Visual planning asks a model to generate the remaining steps of a procedure in natural language, given a partial video context and a goal. Progress is bottlenecked by annotation: clean labeled datasets are small and encode a single execution trajectory per example, while large-scale instructional corpora such as HowTo100M are noisy and unsuitable as a direct supervision source.

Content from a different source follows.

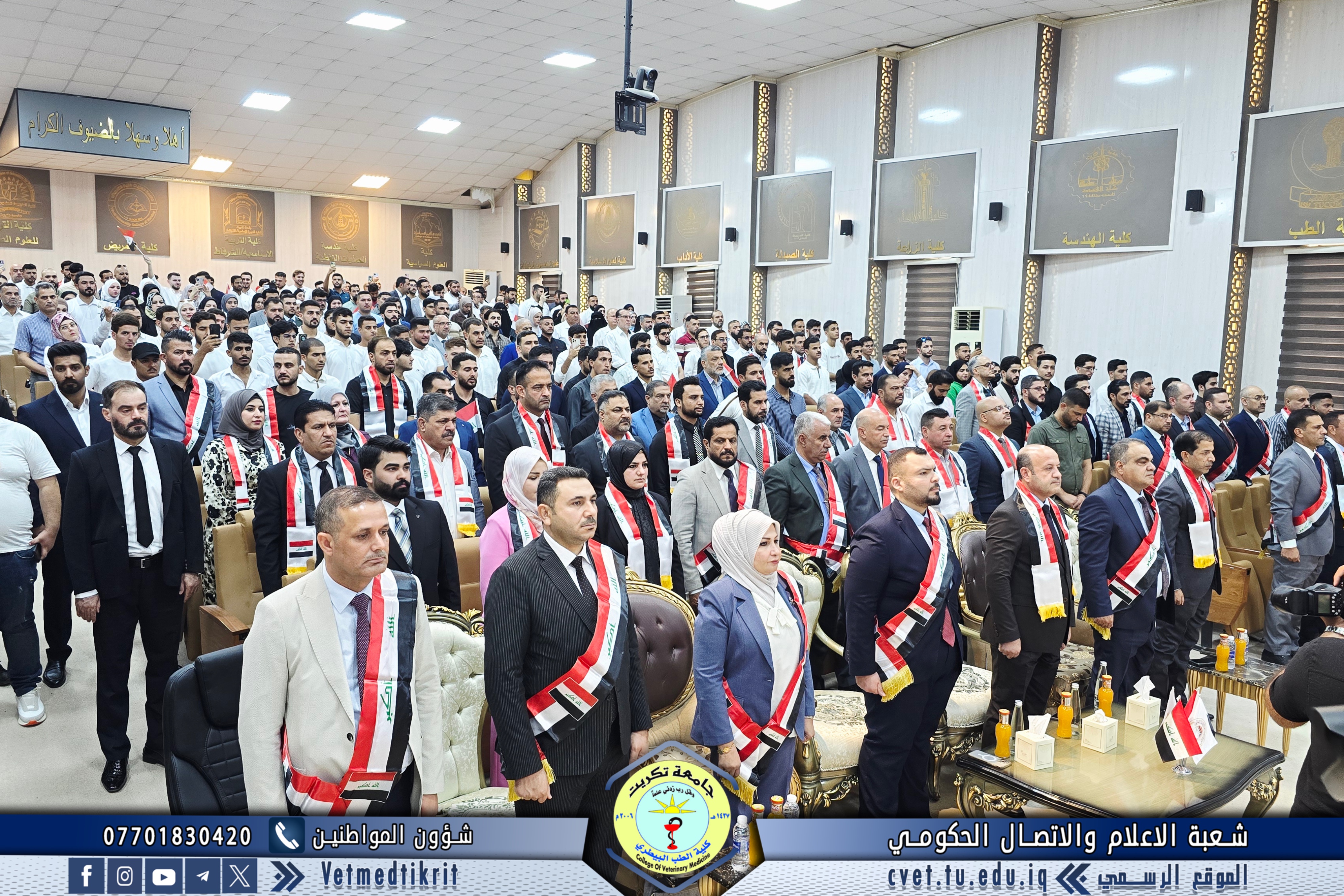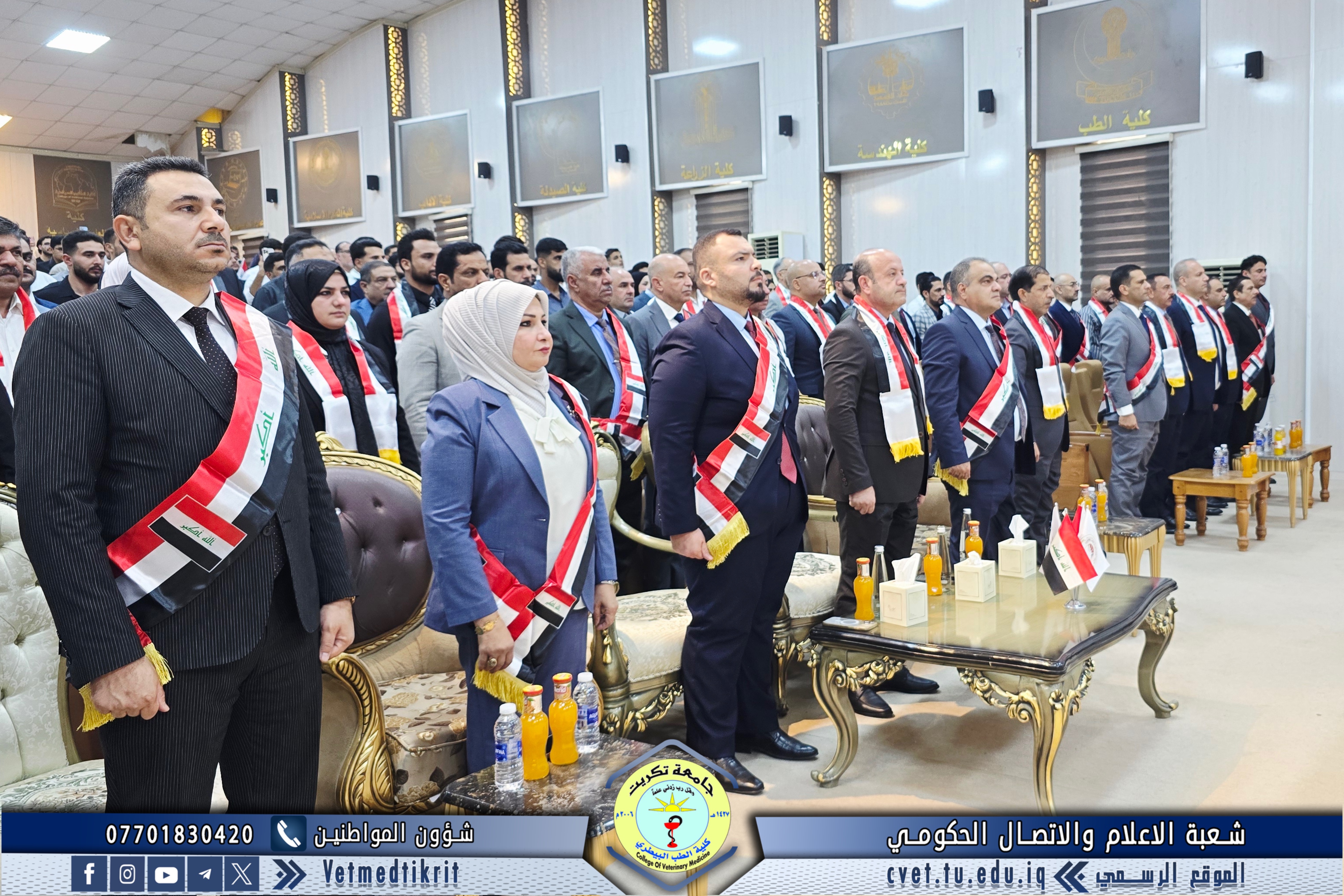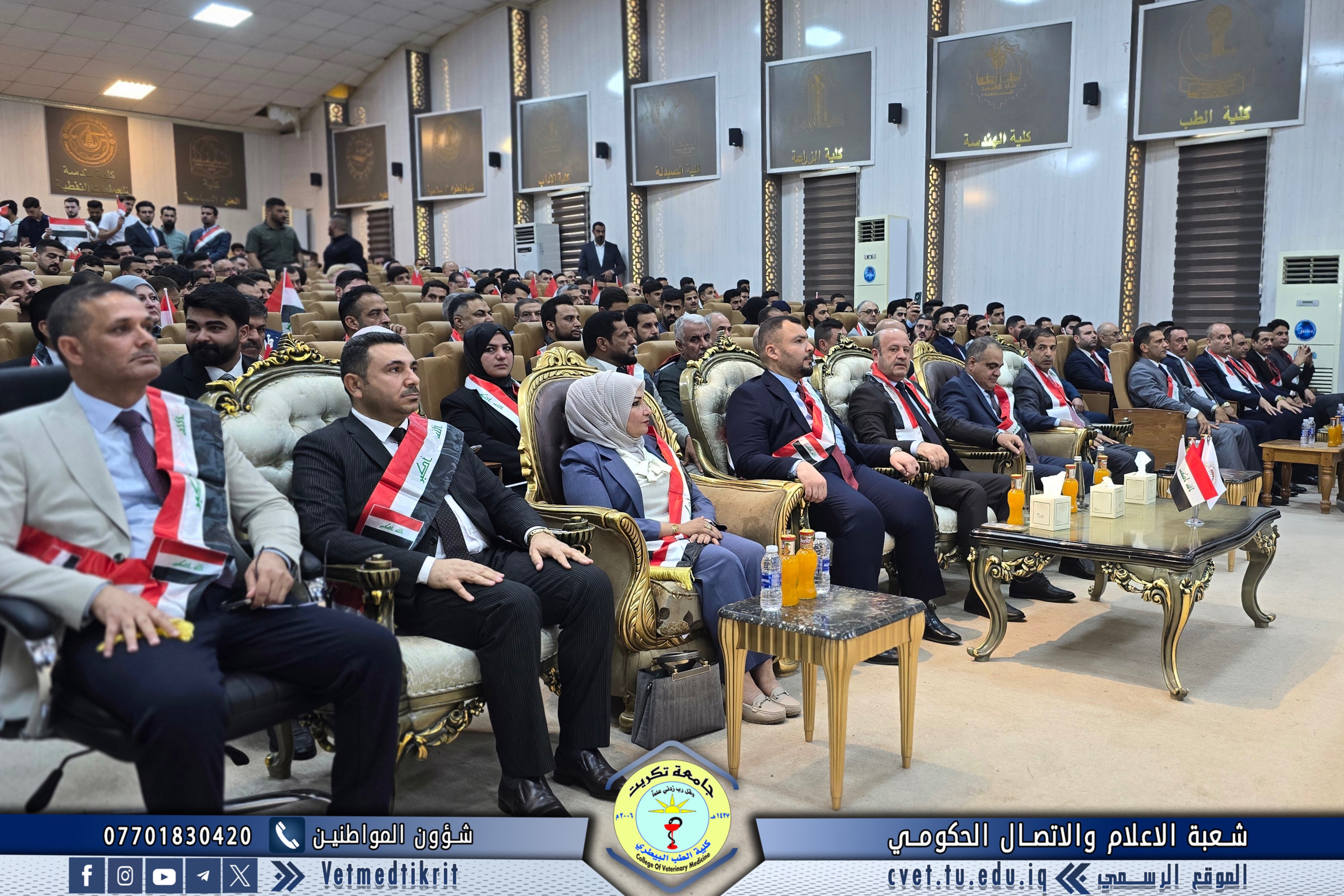 برعاية السيد رئيس جامعة تكريت الأستاذ الدكتور وعد محمود رؤوف، شاركت كلية الطب البيطري في فعاليات الاحتفال المركزي بالعيد الوطني العراقي الذي أقامته الجامعة على قاعة الخوارزمي في كلية الهندسة، وذلك احتفاءً بالمناسبة الوطنية العزيزة التي تجسد وحدة الشعب العراقي واعتزازه بتاريخه المجيد. وحضر الاحتفال الأستاذ الدكتور بشار صادق نومي عميد كلية الطب البيطري، يرافقه السادة معاوني العميد ورؤساء الفروع العلمية، وعدد من أعضاء الهيئة التدريسية والإدارية، فضلاً عن جمع من طلبة الكلية الذين شاركوا بحماس يعكس روح الانتماء والفخر الوطني. تضمن الحفل كلماتٍ وعروضاً احتفالية سلّطت الضوء على مسيرة العراق التاريخية ونهضته العلمية والثقافية، مؤكدين أن هذه المناسبة تمثل فرصة لتعزيز قيم المواطنة والانتماء بين أوساط الطلبة والمنتسبين في جامعة تكريت. وفي ختام الاحتفال، عبّر عميد كلية الطب البيطري عن اعتزازه بالمشاركة في هذه الفعالية الوطنية، مؤكداً أن الكلية ماضية في دعم جميع الأنشطة التي تعزز روح الانتماء للوطن وتغرس القيم الوطنية في نفوس الطلبة.

RECIPE (Reward from Empirical Corpus of Instructional Procedure Examples) reframes this corpus as a verifier rather than a label source. Verifying whether a generated plan is temporally grounded in ASR transcripts is comparatively cheap and scales to millions of videos via precomputed text embeddings. We exploit this asymmetry by using grounding quality as a reward signal for GRPO, training the planner end-to-end.
Key contributions:
- Grounding-as-verification. We use instructional videos as verifiers for generated plans, optimizing a history-normalized GRPO reward across text- and video-conditioned planners.
- Strong empirical gains. RECIPE-RL improves all scales and benchmarks, outperforms supervised and pseudo-label training, transfers to video-token planning, and strengthens search-based planning.
- Open-ended evaluation. We introduce a seven-dataset, six-criterion LLM-judge evaluation and will release code plus an online server for open-dictionary visual planning.